__INPUT DATA__.
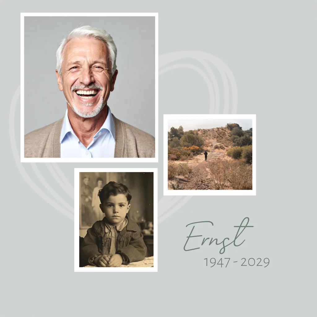 Eenvoudige grijze fotocollage als rouwkaart. Personaliseer in onze editor ter herinnering aan een geliefde. (555555)
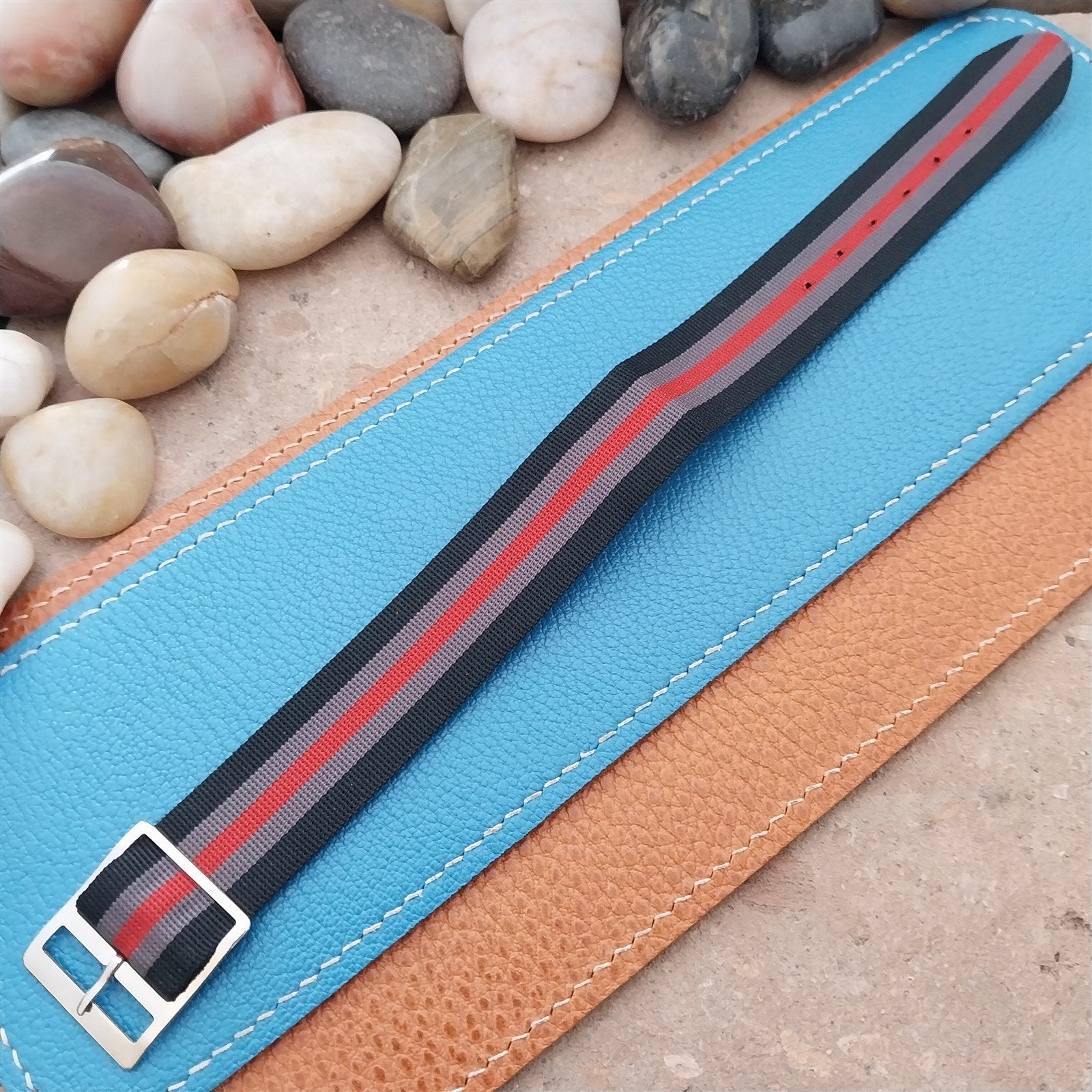 Vintage 20mm Striped Perlon Unused NOS 1960s Classic Single Pass Watch Strap
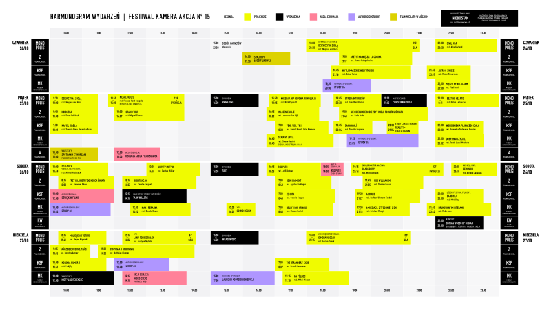 M.C.: Festiwal Kamera Akcja to czterodniowa kumulacja tego, co najlepsze ze wszystkich festiwali filmowych na świecie i w Polsce. Te cztery dni wynikają z tego, że można wziąć udział w przedłużonym weekendzie filmowym i to wystarczy, aby poznać trendy w sztuce audiowizualnej z danego roku. Nie każdy może pozwolić sobie na to, aby jeździć na Nowe Horyzonty, do Gdyni oraz do Koszalina, na Berlinale i do Cannes. Chcąc zobaczyć ciekawe kino – wystarczy wziąć tylko 2 dni wolnego w pracy i przyjechać do Łodzi na Festiwal Kamera Akcja.
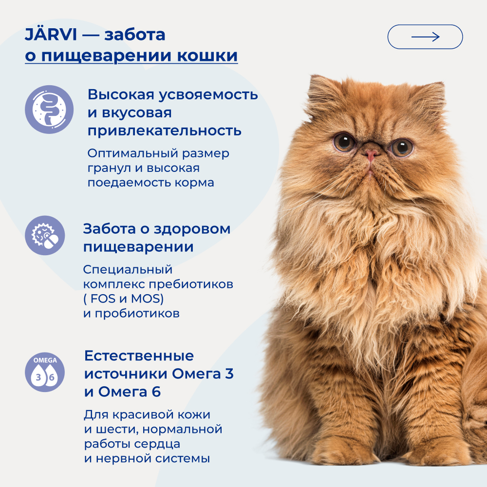 Сухой корм Jarvi для кошек – это холистический, полнорационный корм для сбалансированного питания. Он соответствует высоким стандартам финского качества, разработан нутрициологами и одобрен ветеринарами.

__WORK REQUIRED__. Starting with the line that contains "Vintage 20mm Striped", repeat each line exactly until the listing ends, including the last one. Leave pictures out.

__EXERCISE ANSWER__.
 Vintage 20mm Striped Perlon Unused NOS 1960s Classic Single Pass Watch Strap
 M.C.: Festiwal Kamera Akcja to czterodniowa kumulacja tego, co najlepsze ze wszystkich festiwali filmowych na świecie i w Polsce. Te cztery dni wynikają z tego, że można wziąć udział w przedłużonym weekendzie filmowym i to wystarczy, aby poznać trendy w sztuce audiowizualnej z danego roku. Nie każdy może pozwolić sobie na to, aby jeździć na Nowe Horyzonty, do Gdyni oraz do Koszalina, na Berlinale i do Cannes. Chcąc zobaczyć ciekawe kino – wystarczy wziąć tylko 2 dni wolnego w pracy i przyjechać do Łodzi na Festiwal Kamera Akcja.
 Сухой корм Jarvi для кошек – это холистический, полнорационный корм для сбалансированного питания. Он соответствует высоким стандартам финского качества, разработан нутрициологами и одобрен ветеринарами.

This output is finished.